(Dataset records)
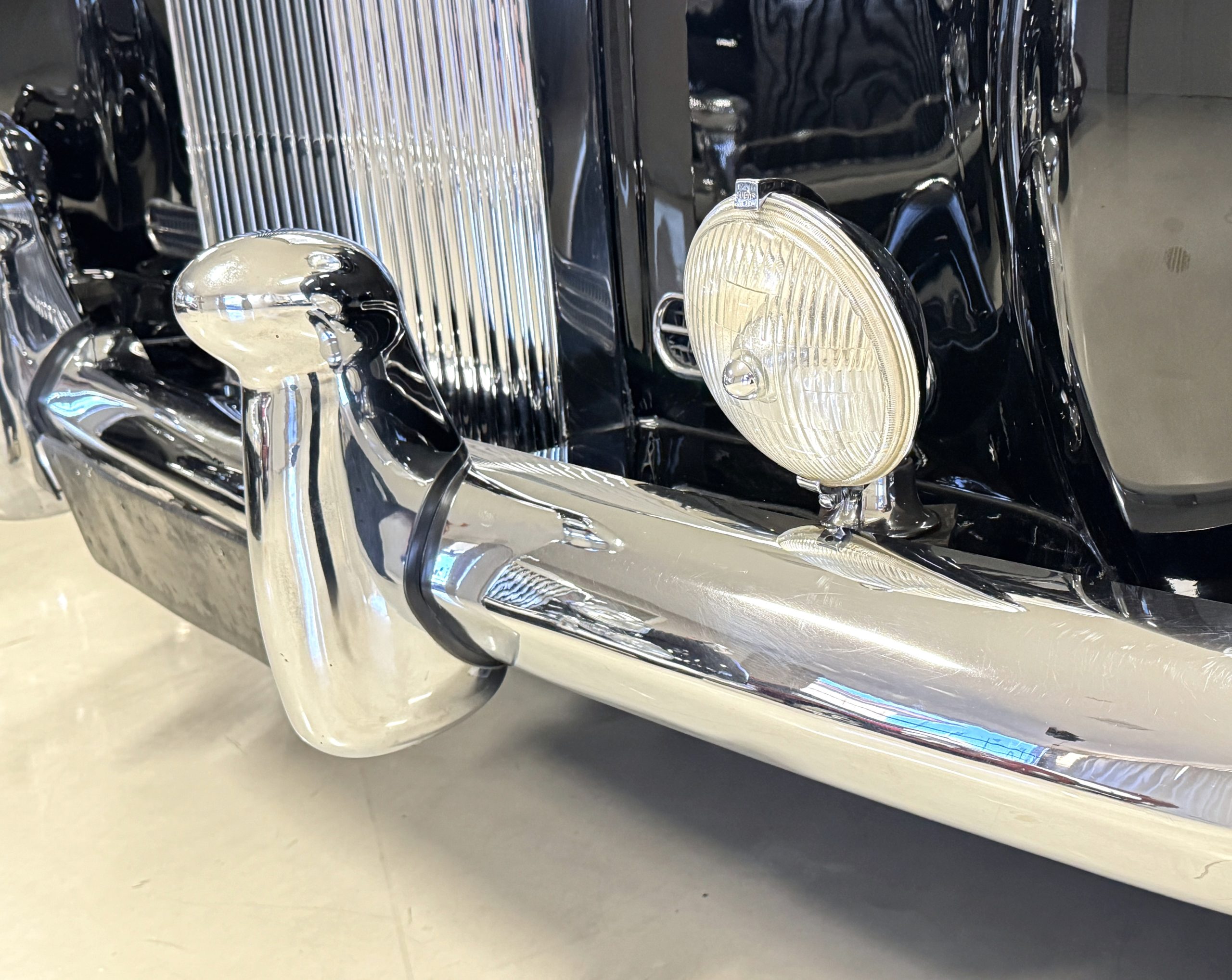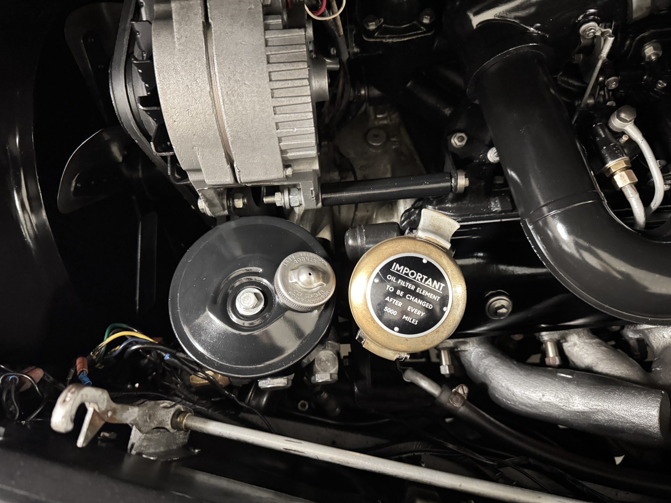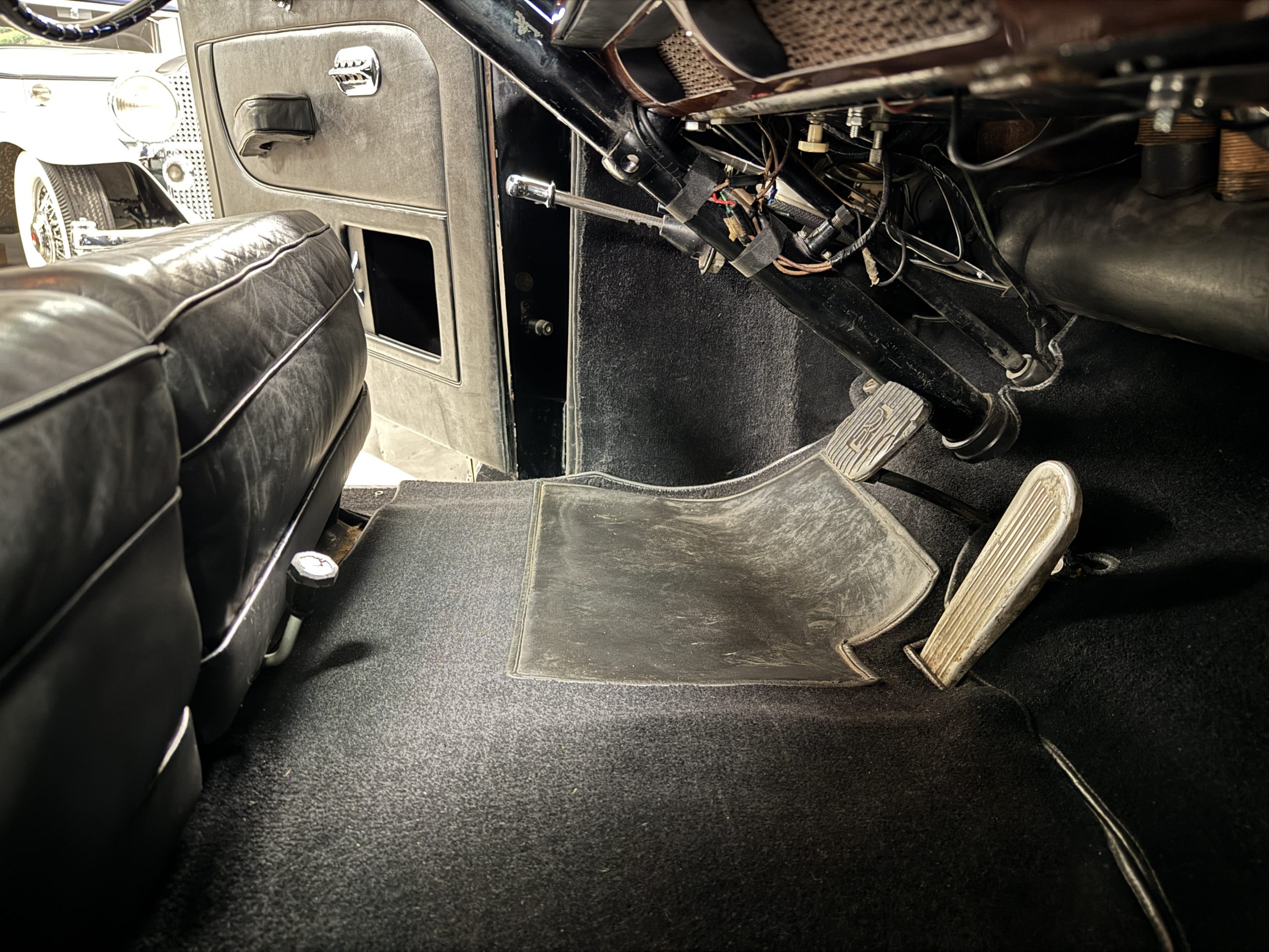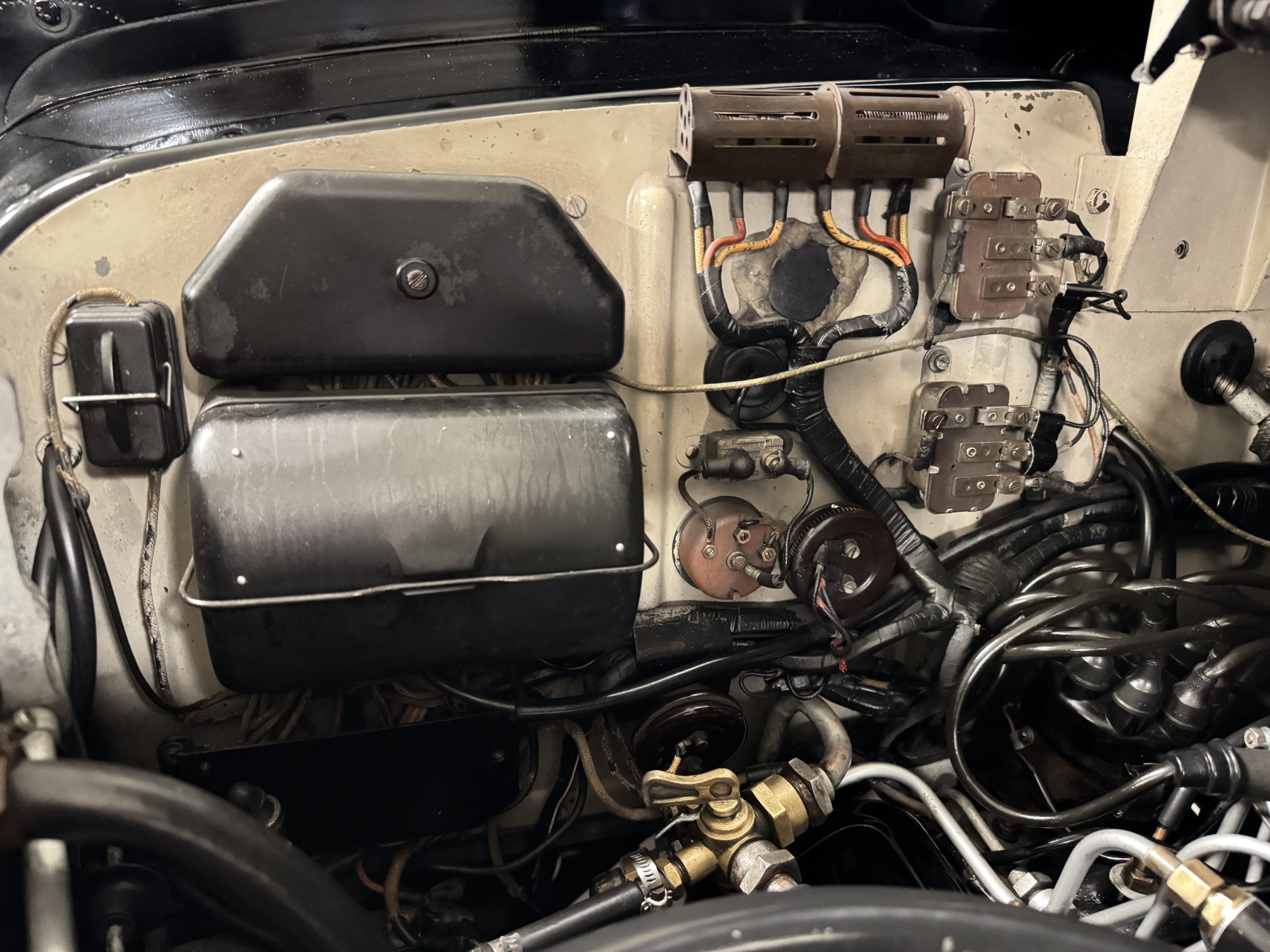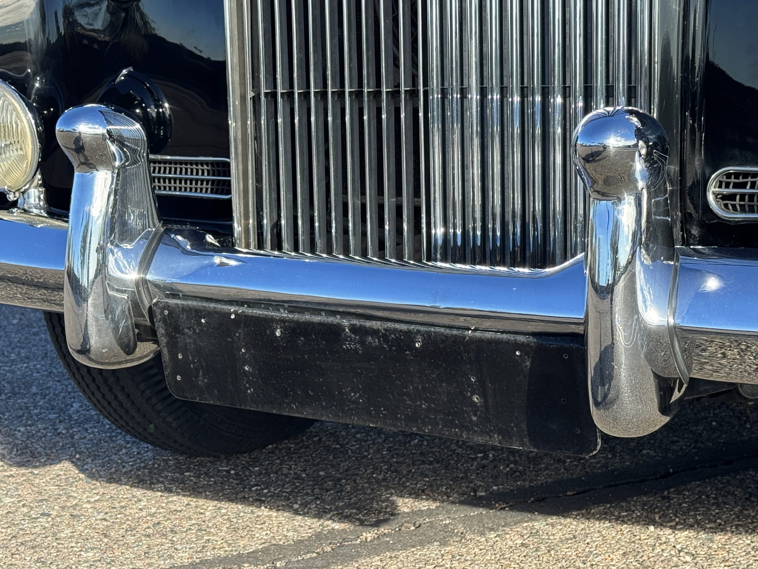 The livery is formal and stately in its original Black paint with complementary tan pinstripes.  The paint is about one-third original and two-thirds repainted and the shine and luster are excellent.  The stainless steel and chrome trim are overall in excellent condition.  The Lucas driving lights and rear mounted color matched TV antenna accessorizes the Phantoms stunning exterior.  The Rolls originally was ordered with white walled tires and is presently fitted with blackwalled bias ply tires.  The next owner can decide to update it with radials, add whitewall tires or keep it as it is.
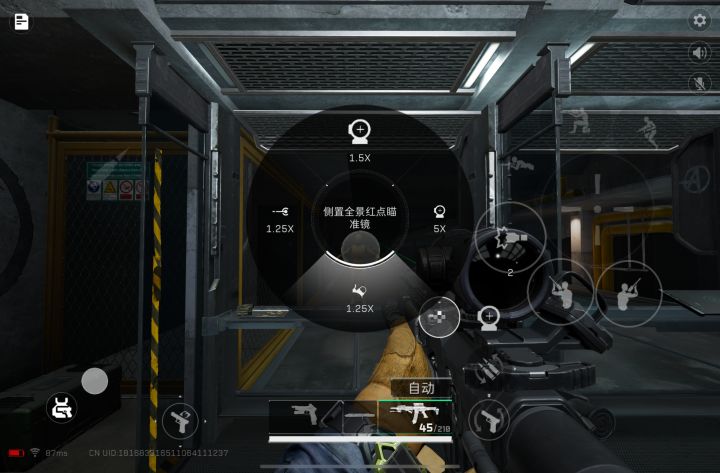 瞄具、导轨和切枪就别搞长按的操作方式了,有操作失误的风险,而且不够迅速滑动和点击就够用了瞄具:直接滑动切换到想用的瞄具(虽然可以有选项设置延迟),比点击和长按的滑动方式更快速更准确;导轨(镭射和战术手电):现有的点击一键关闭好用,但是长按展开再点击关闭就有点多此一举了,希望可以跟瞄具轮盘那样,滑动打开或者关闭单个配件;切枪:主武器 1、2 ,副武器和刀的按键在屏幕中间,离得有点远,操作不方
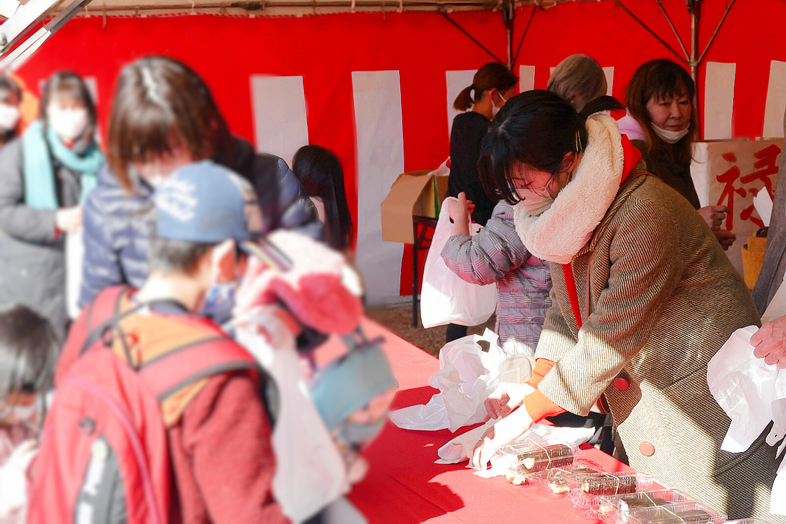 密な状態が長時間続くのを避けるため、豆まき自体は短い時間だけ行われましたが、それでも多くの参拝者が豆まきを楽しんでいました。
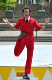 A man in a red jumpsuit with a black belt and a white shirt underneath is performing a split on a stage with a yellow and white checkered floor. He has a black wristwatch on his left wrist and is wearing black shoes. The stage is surrounded by a stone wall with steps leading up to it, and there are trees visible in the background. | Jonathon Burns, World Buskers Festival stock images | c51dc3528695ba1bd762f1fbe0c42b9d278a281bedf14bf8d14cc83208dcbd05 | 000910687814 | 0 | 0 | 65 | 7 | 0 | 0 | |
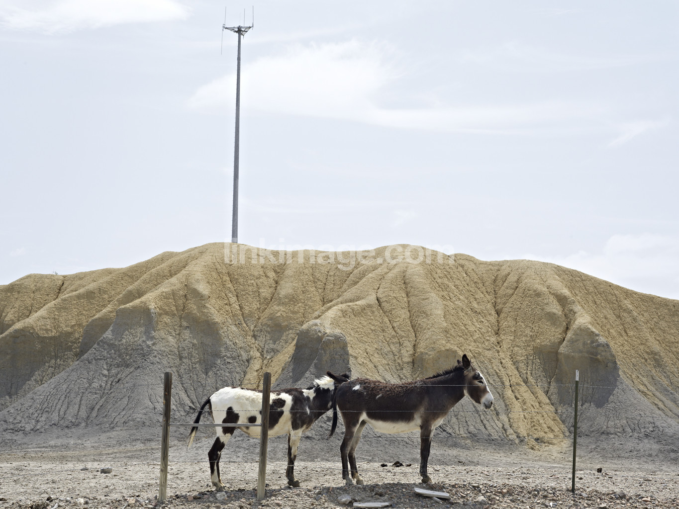 - donkey, rock, post, power pole, electric cable, nature, fence, animals, sand, pasture

### Task instructions
The data is to be restated word for word, with any pictures set aside.

### Your solution
 The livery is formal and stately in its original Black paint with complementary tan pinstripes.  The paint is about one-third original and two-thirds repainted and the shine and luster are excellent.  The stainless steel and chrome trim are overall in excellent condition.  The Lucas driving lights and rear mounted color matched TV antenna accessorizes the Phantoms stunning exterior.  The Rolls originally was ordered with white walled tires and is presently fitted with blackwalled bias ply tires.  The next owner can decide to update it with radials, add whitewall tires or keep it as it is.
 瞄具、导轨和切枪就别搞长按的操作方式了,有操作失误的风险,而且不够迅速滑动和点击就够用了瞄具:直接滑动切换到想用的瞄具(虽然可以有选项设置延迟),比点击和长按的滑动方式更快速更准确;导轨(镭射和战术手电):现有的点击一键关闭好用,但是长按展开再点击关闭就有点多此一举了,希望可以跟瞄具轮盘那样,滑动打开或者关闭单个配件;切枪:主武器 1、2 ,副武器和刀的按键在屏幕中间,离得有点远,操作不方
 密な状態が長時間続くのを避けるため、豆まき自体は短い時間だけ行われましたが、それでも多くの参拝者が豆まきを楽しんでいました。
 A man in a red jumpsuit with a black belt and a white shirt underneath is performing a split on a stage with a yellow and white checkered floor. He has a black wristwatch on his left wrist and is wearing black shoes. The stage is surrounded by a stone wall with steps leading up to it, and there are trees visible in the background. | Jonathon Burns, World Buskers Festival stock images | c51dc3528695ba1bd762f1fbe0c42b9d278a281bedf14bf8d14cc83208dcbd05 | 000910687814 | 0 | 0 | 65 | 7 | 0 | 0 | |
 - donkey, rock, post, power pole, electric cable, nature, fence, animals, sand, pasture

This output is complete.